Prompt> Write down exactly what lies from the line containing "Semi-precious stone countertops: the" to the end of the records, inclusive, and omit the pictures.

Data excerpts
──────────────────────────────

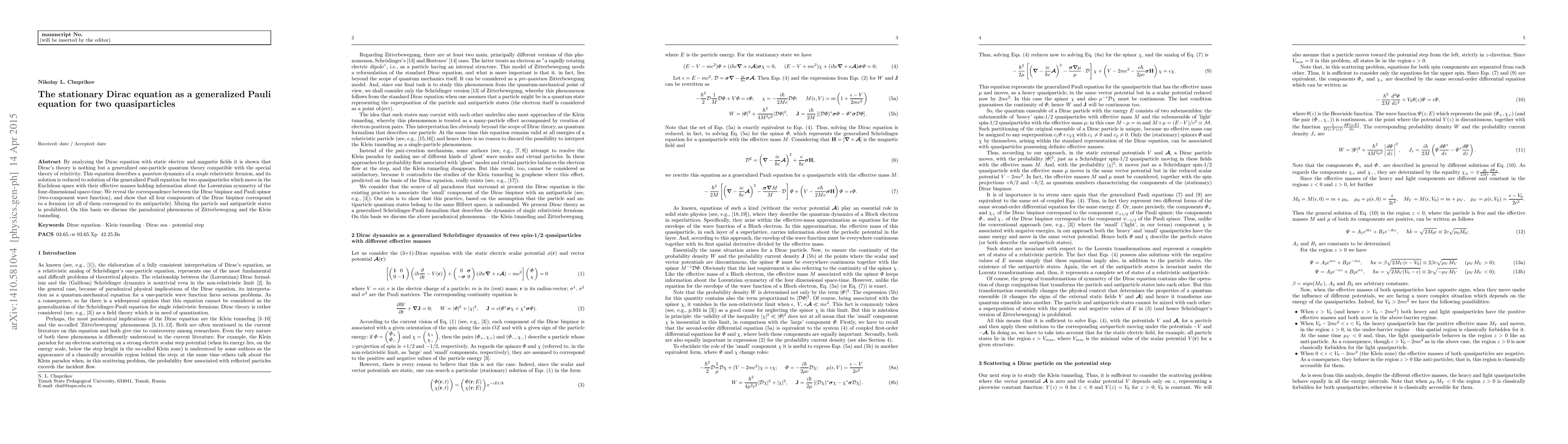By analyzing the Dirac equation with static electric and magnetic fields it is shown that Dirac's theory is nothing but a generalized one-particle quantum theory compatible with the special theory of relativity. This equation describes a {\it quantum} dynamics of a {\it single} relativistic fermion, and its solution is reduced to solution of the generalized Pauli equation for two quasiparticles which move in the Euclidean space with their effective masses holding information about the Lorentzian symmetry of the four-dimensional space-time. We reveal the correspondence between the Dirac bispinor and Pauli spinor (two-component wave function), and show that all four components of the Dirac bispinor correspond to a fermion (or all of them correspond to its antiparticle). Mixing the particle and antiparticle states is prohibited. On this basis we discuss the paradoxical phenomena of Zitterbewegung and the Klein tunneling.
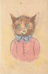 head and shoulders of cat, ribbon in bow on neck, hair on end
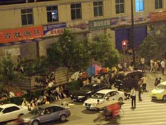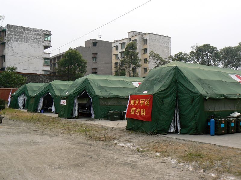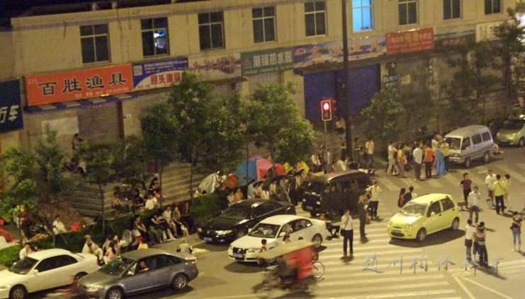 从机场至川大的途中,我们看到这座曾有着“东方夜巴黎”美誉的大都市已经失去了往昔的繁华。高耸林立的大厦里看不到一点光亮,街道两边停满了各种车辆,也有很多群众正迁往郊区。因为人们害怕可能突然袭来的余震,就在路边的车里过夜,或者到郊区避难。而在街道两旁的绿化带里则伫立着许多帐篷,其间席地而卧的人也不在少数。而车内收音机里则不时地传来四川人民广播电台播报的中国地震局发布的地震预测消息。据说,在19号和20号两天内还会有6到7级的余震。当时,我只是觉得有点小题大做了。但是,后来的经历却改变了自己的这种想法。本来不过半个小时的路程,而我们竟走了一个多小时。直到晚上十二点半,我们才到达四川大学。
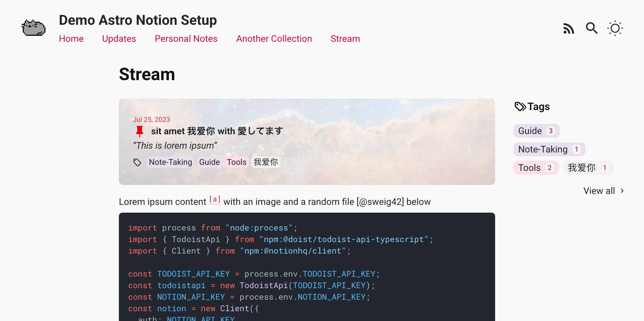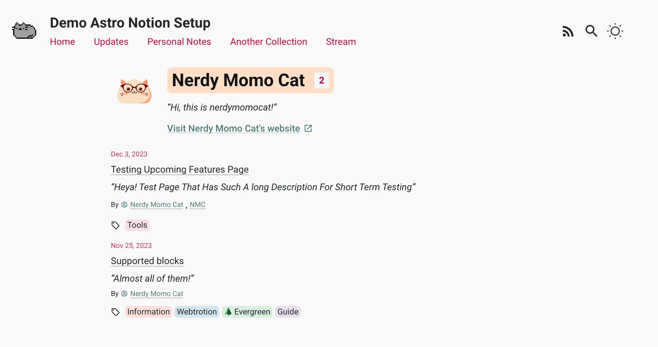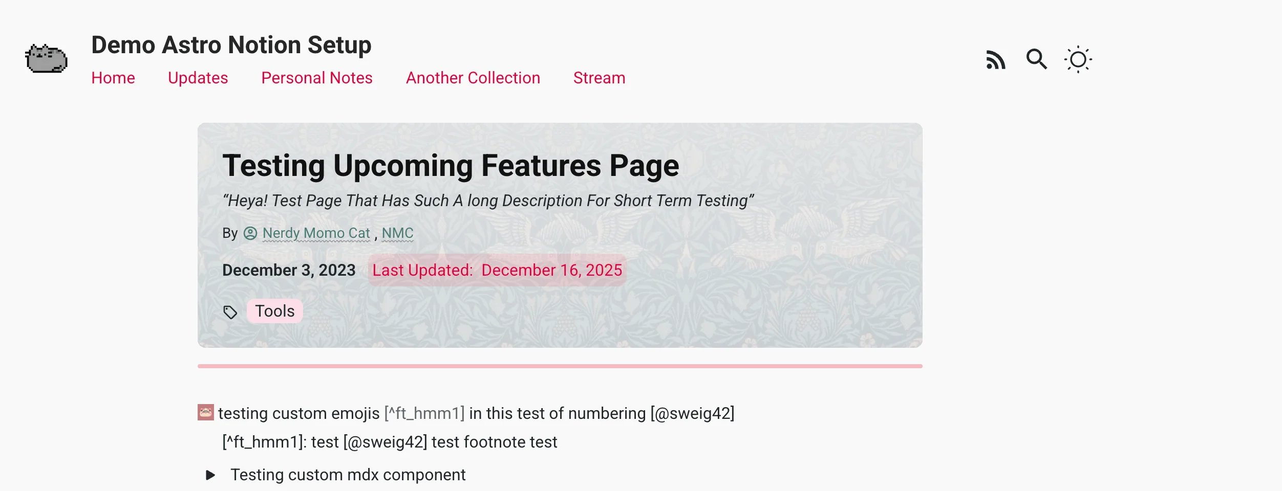Even when a post is 100% external, Notion is the source of truth for title, excerpt, author (from your Notion page title/fields), tags and collections (so listing filters, pinned posts, and RSS feed keep working), and publish date plus updated date (so Last Updated hero blocks tell the truth), which means you can mix and match however you want. Write a short intro in Notion, flip the "External URL" to a GitHub folder, and the page glues them together, or keep Notion blank and let the external Markdown [d]
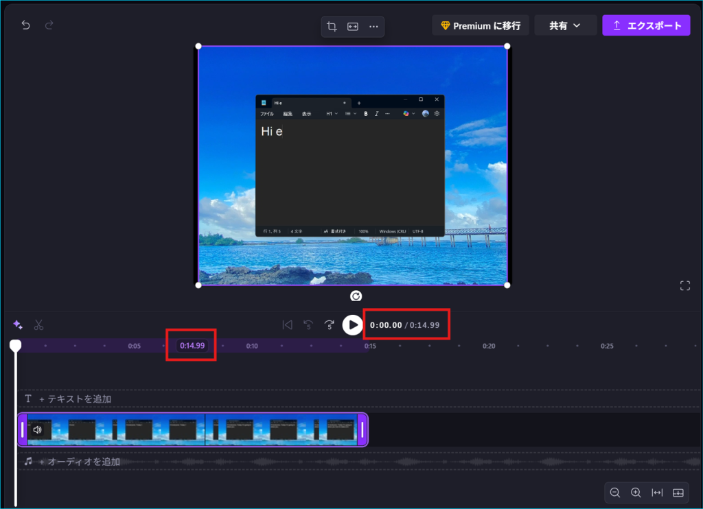 6.動画の末尾にカーソルを持って行くと長さの調整が行えます。
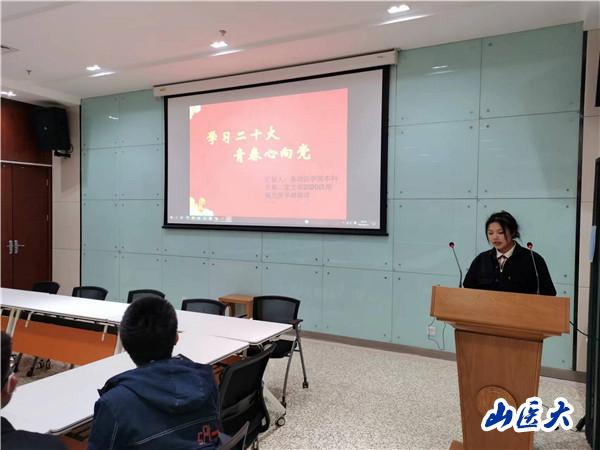 基礎醫學院本科生第二黨支部黨員代表進行學習貫徹黨的二十大精神交流發言。2020級臨床醫學(五年制)專業的呂威震同學談到,我們當代青年要傳承紅色基因,不忘初心使命;要始終善思善學,提高水平境界;更要矢志奮斗擔當,承擔歷史重任。2020級臨床醫學(免費醫學生)專業的馬婕同學說到,我們青年黨員要以擔當彰顯初心使命、以吃苦錘煉過硬本領、以奮斗書寫青春答卷。薛星莉在總結發言時談到,大家要提高政治站位,要深刻領會把握黨的二十大精神的豐富內涵,深學細悟、入腦入心、付諸行動,努力在新的趕考路上當好“答卷人”。
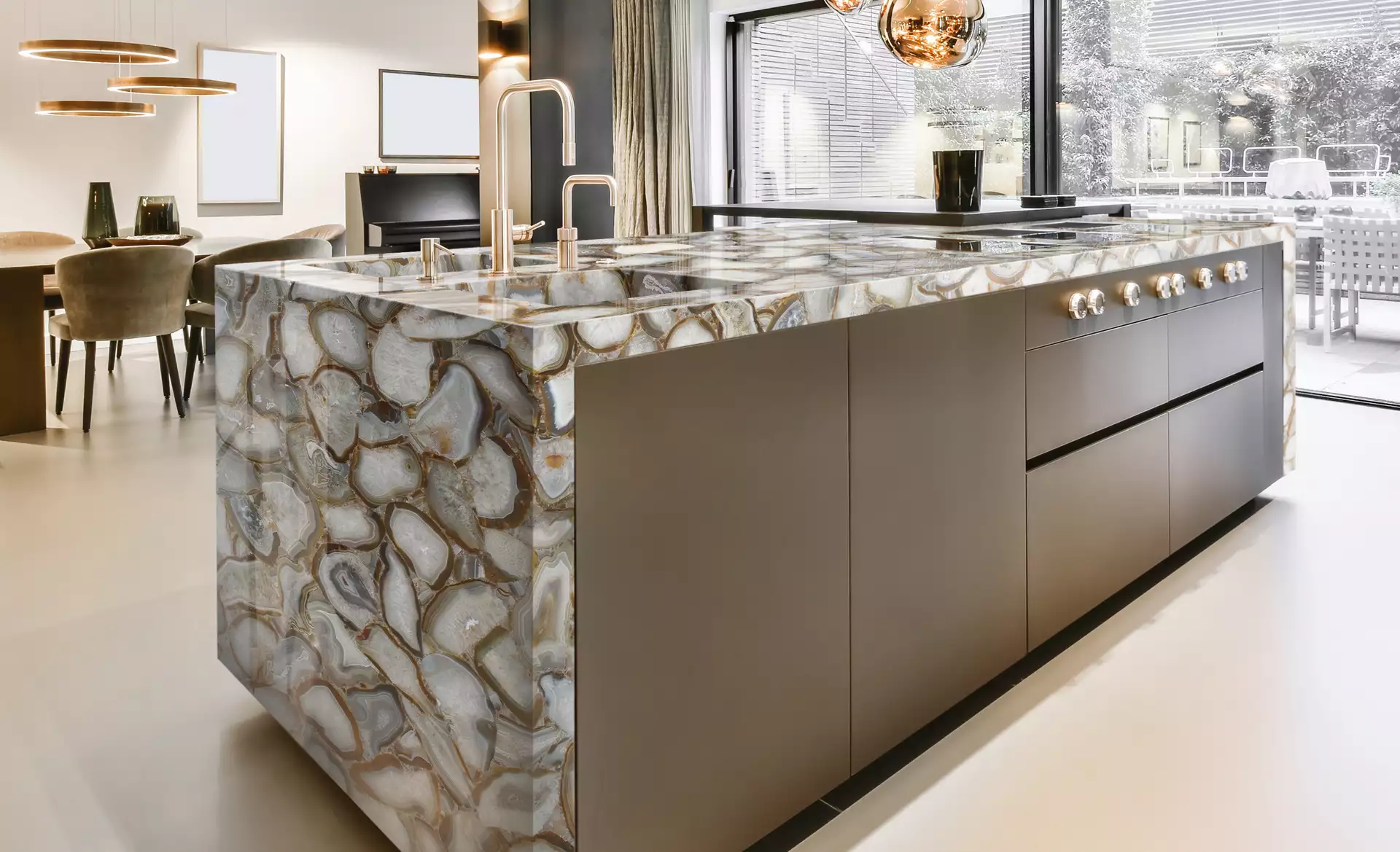 Semi-precious stone countertops: the ultimate elegance, combining both luxury and durability. Each piece is carefully handcrafted to deliver an exclusive design that will transform your space into an oasis of beauty. Let yourself be seduced by the beauty of our high-end countertops.
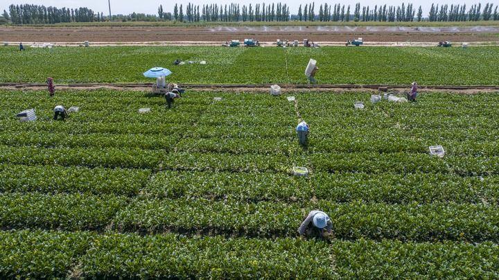 在宁夏青铜峡市瞿靖镇毛桥村蔬菜基地,来自贵州的苗族务工人员杨文高(右)在采收间隙和女儿聊天(2024年8月23日摄)。新华社记者 杨植森 摄

──────────────────────────────

Written solution>
 Semi-precious stone countertops: the ultimate elegance, combining both luxury and durability. Each piece is carefully handcrafted to deliver an exclusive design that will transform your space into an oasis of beauty. Let yourself be seduced by the beauty of our high-end countertops.
 在宁夏青铜峡市瞿靖镇毛桥村蔬菜基地,来自贵州的苗族务工人员杨文高(右)在采收间隙和女儿聊天(2024年8月23日摄)。新华社记者 杨植森 摄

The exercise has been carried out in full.